EuroPython 2018: Trust me, I'm a Data Scientist - ethics for builders of data-based applications
Sarah Diot-Girard is an an engineer working on Machine Learning and is focused on finding solutions to engineering problems using Data Science.
Data collection
Data collection always learns for the past, and learning from the past leads to biased data. Imagine learning about suitability from student data – you'd think men are much more suitable for technical studies than women, or let social class determine solutions.

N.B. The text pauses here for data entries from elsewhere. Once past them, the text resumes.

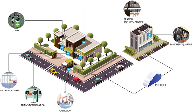 Bank is a financial institution licensed to receive deposits making loans. There are various important facilities in the bank, such as ATMs and coffers, and the bank would receive a large number of clients everday. Hence, a complete and comprehensive bank video surveillance solution should take these into consideration. It should cover all critical areas without any blind spot and realize unified management at headquarters.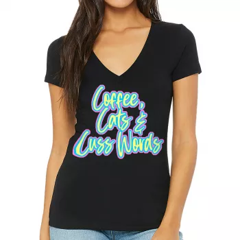 Cats Coffee Cuss Words Women’s V-Neck T-Shirt – Funny V-Neck Tee – Trendy T-Shirt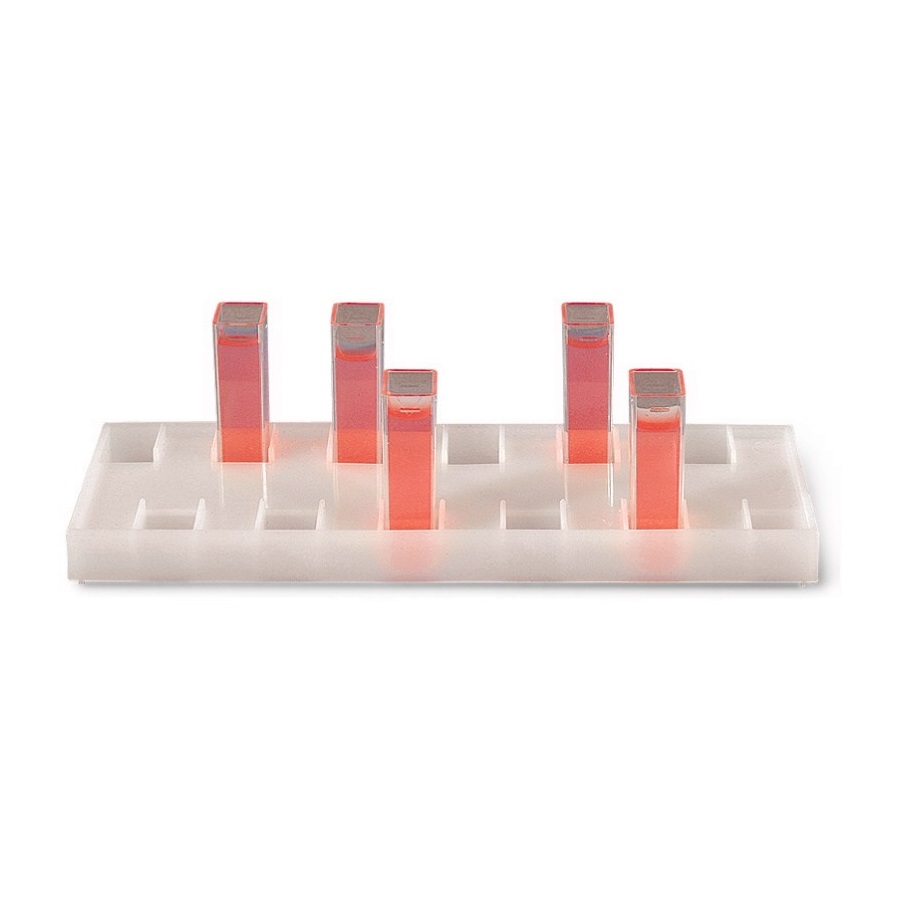 Stojak na dwanaście kuwet. Wykonany z PE. Otwory na kuwety ułożone przemiennie z niewielkim wgłębieniem dla lepszej obserwacji zawartości.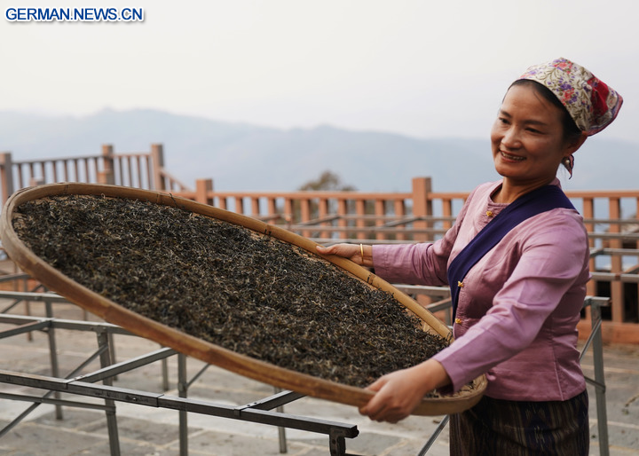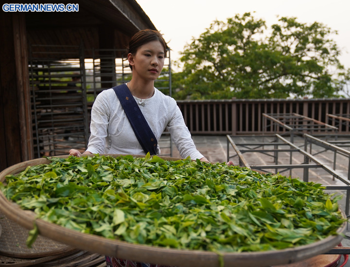 PU'ER, 27. März 2026 (Xinhua) -- Das Foto zeigt eine Landwirtin beim Auslegen von Teeblättern zur Trocknung im Dorf Jingmai im Kreis Lancang in der Stadt Pu'er in der Provinz Yunnan im Südwesten Chinas, 26. März 2026.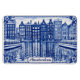 Amsterdam canal houses fridge magnet in Delft Blue style. Generative content with photography by Velvet Escape.
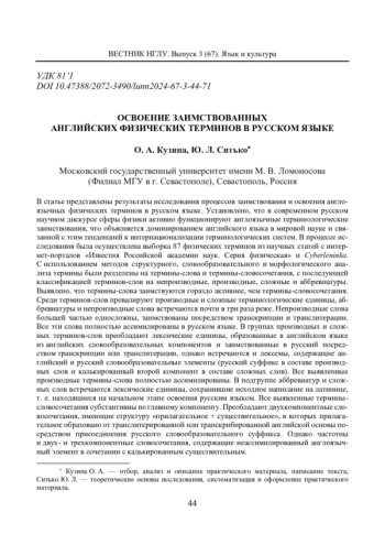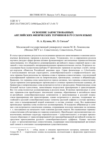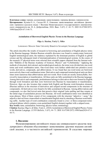 В статье представлены результаты исследования процессов заимствования и освоения англоязычных физических терминов в русском языке. Установлено, что в современном русском научном дискурсе сферы физики активно функционируют англоязычные терминологические заимствования, что объясняется доминированием английского языка в мировой науке и связанной с этим тенденцией к интернационализации терминологических систем. В процессе исследования была осуществлена выборка 87 физических терминов из научных статей с интернет-порталов «Известия Российской академии наук. Серия физическая» и Cyberleninka. С использованием методов структурного, словообразовательного и морфологического анализа термины были разделены на термины-слова и термины-словосочетания, с последующей классификацией терминов-слов на непроизводные, производные, сложные и аббревиатуры. Выявлено, что термины-слова заимствуются гораздо активнее, чем термины-словосочетания. Среди терминов-слов превалируют производные и сложные терминологические единицы, аббревиатуры и непроизводные слова встречаются почти в три раза реже. Непроизводные слова большей частью односложны, заимствованы посредством транскрипции и транслитерации. Все эти слова полностью ассимилированы в русском языке. В группах производных и сложных терминов-слов преобладают лексические единицы, образованные в английском языке из английских словообразовательных компонентов и заимствованные в русский посредством транскрипции или транслитерации, однако встречаются и лексемы, содержащие английский и русский словообразовательные элементы (русский суффикс в составе производных слов и калькированный второй компонент в составе сложных слов). Все выявленные производные термины-слова полностью ассимилированы. В подгруппе аббревиатур и сложных слов встречаются лексические единицы, сохранившие исходное написание на латинице, т. е. находящиеся на начальном этапе освоения русским языком. Все выявленные термины-словосочетания субстантивны по главному компоненту. Преобладают двухкомпонентные словосочетания, имеющие структуру «прилагательное + существительное», в которых прилагательное образовано от транслитерированной или транскрибированной английской основы посредством присоединения русского словообразовательного суффикса. Однако частотны и двух- и трехкомпонентные словосочетания, содержащие неассимилированный англоязычный элемент в сочетании с калькированным существительным.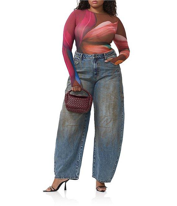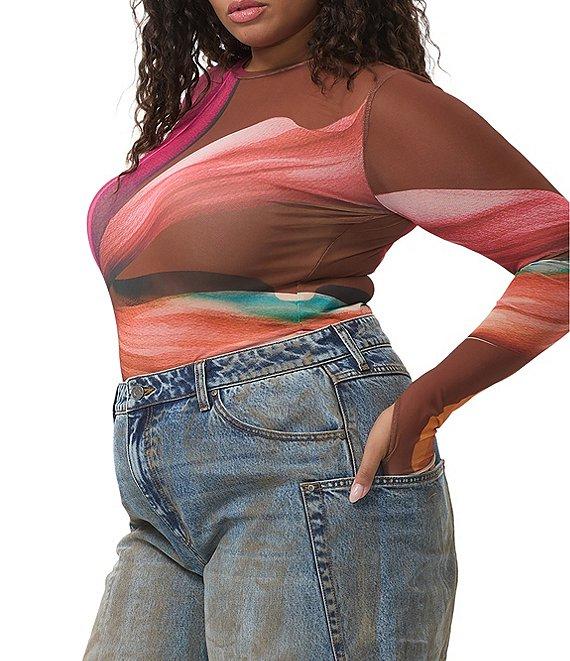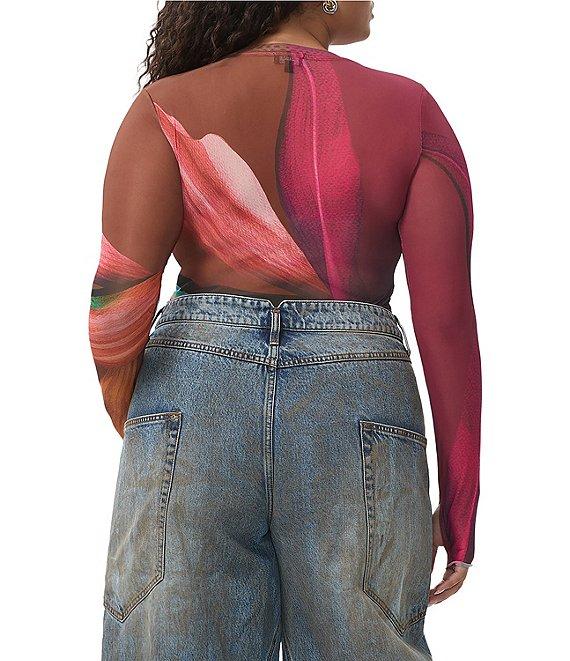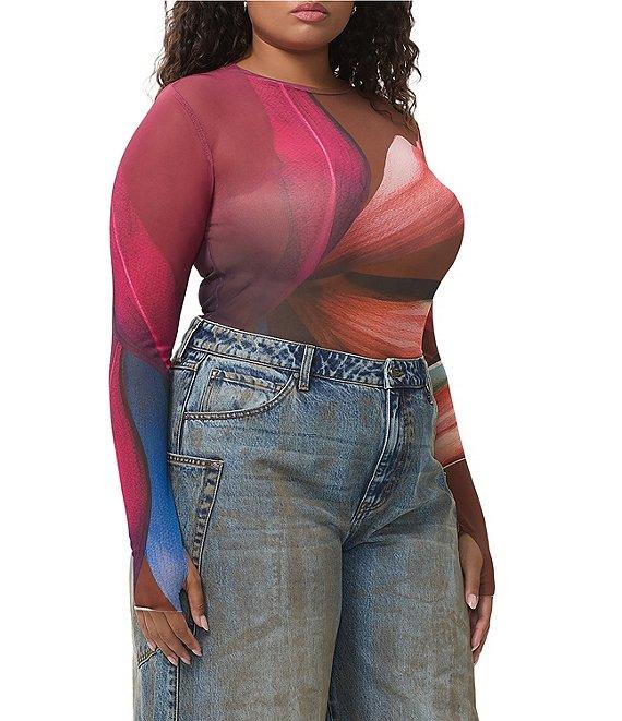 AFRM Plus Kaylee Printed Crew Neck Long Sleeve Mesh Top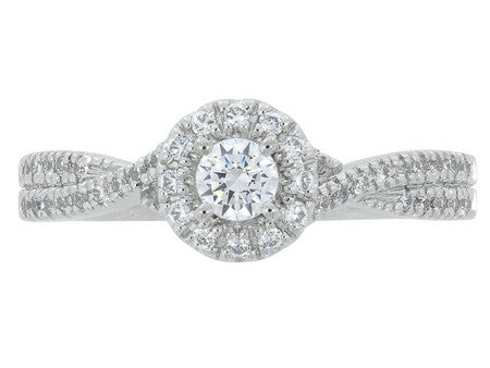 10K White Gold Petite Twist Diamond Halo Engagement Ring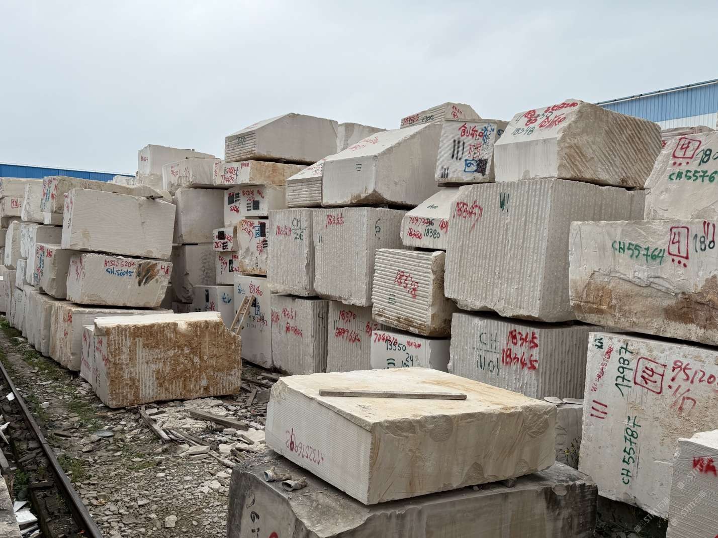 葡萄牙米黃 木化石荒料堆場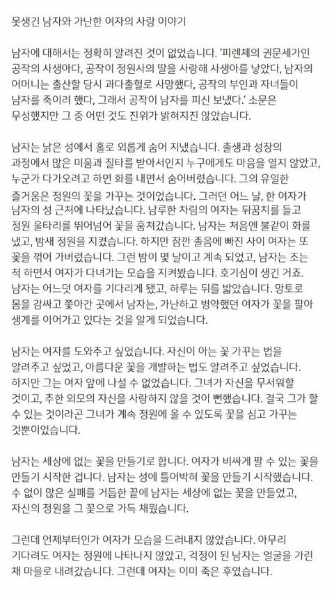 이거 스메랄도 탄생설화 일걸? 럽유셆 하이라이트 릴(럽유셆 시리즈 시작)에서 석진이가 스메랄도 라는 꽃을 들고 나오는데, 그 스메랄도에 대한 설명으로 빅힛이 던져준 떡밥이 블로그고, 거기에 나오는 스메랄도 탄생 설화가 저거야 추한 남자와 그가 사랑했던 여자 이야기. 여자를 위해 더 아름다운 꽃을 만들려고 노력해서 나온 결과가 스메랄돈데, 이 꽃이 결국 여자에게 전해지지 못해서 스메랑도 결말이 '전하지 못한 진심'인걸로 알고 있어.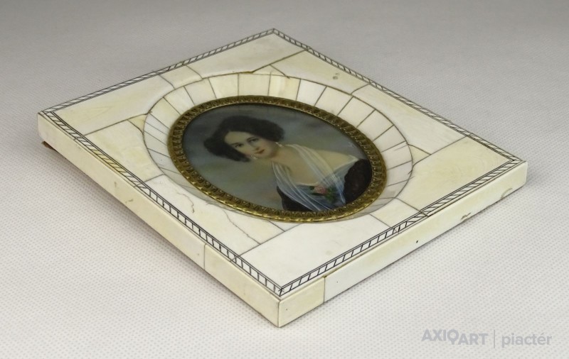 Antik biedermeier főúri hölgy portré. Csontra festett, rendkívül részletgazdag, jelzett, német miniatúra. Csontlapokkal díszített keretben, ovális alakú, enyhén domború üveg alatt található női portré. Az üveglap körül finoman díszített réz szegély található.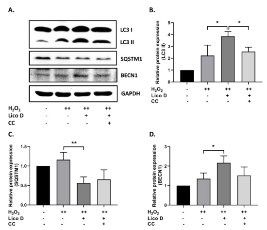 3.2. Lico D Restored the Impaired Autophagy via AMPK Activation under Oxidative Stress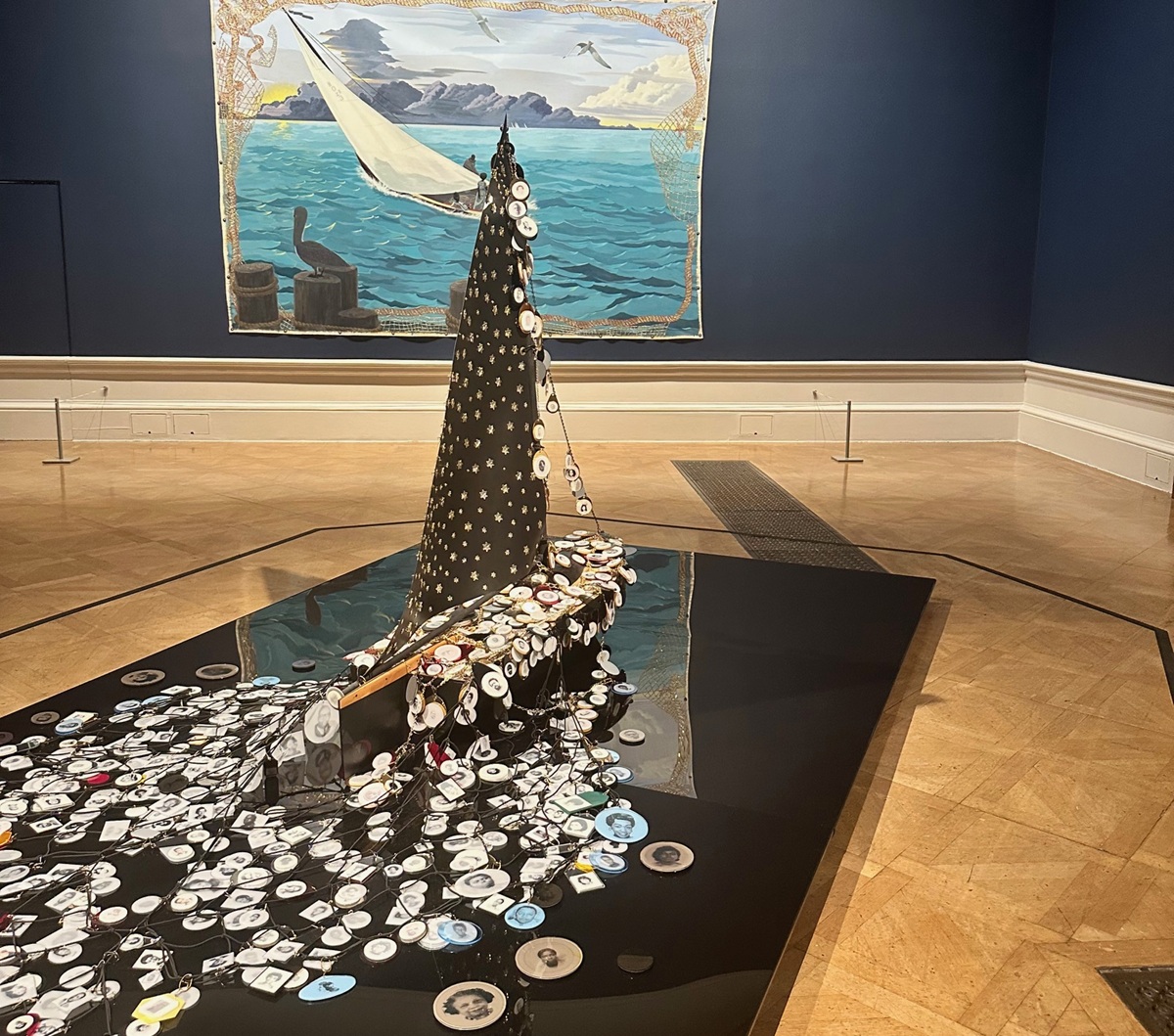 Ένα μοντέλο ιστιοφόρου σε μαύρο Plexiglass φαίνεται να τραβά ένα δίχτυ με πορτρέτα-μετάλλια – αντικαθιστώντας τους απογόνους των πρώτων είκοσι υποδουλωμένων Αφρικανών που έφτασαν στο Jamestown της Βιρτζίνια το 1619. Το σκάφος του πένθους συνεχίζει να μεγαλώνει καθώς ο Marshall προσθέτει νέα πορτρέτα, αντικατοπτρίζοντας την εκτεινόμενη παρουσία και τα πολλαπλασιαζόμενα επιτεύγματα των Αφροαμερικανών.

During data collections, you also undergo the sampling bias – your dataset may be even more biased than you guess.
Data encoding
You can use bag of words or word embedding encoding. Bag of words encoding checks basically only if strings contain other strings, while word embedding (word2vec) checks for overlap between words – which can even learn analogies! Cool! But learned analogies suffer the same issue we met earlier: it learns biases from the past.
Remember: Don't hoard data! Work on anonymised data whenever you can! Delete data you don't need.
Fairness
What does it mean for an algorithm to be fair?
For each:
- Score Equality
- Predictive parity
- Error rate balance
- Equal acceptance rate (reflect diversity in starting set)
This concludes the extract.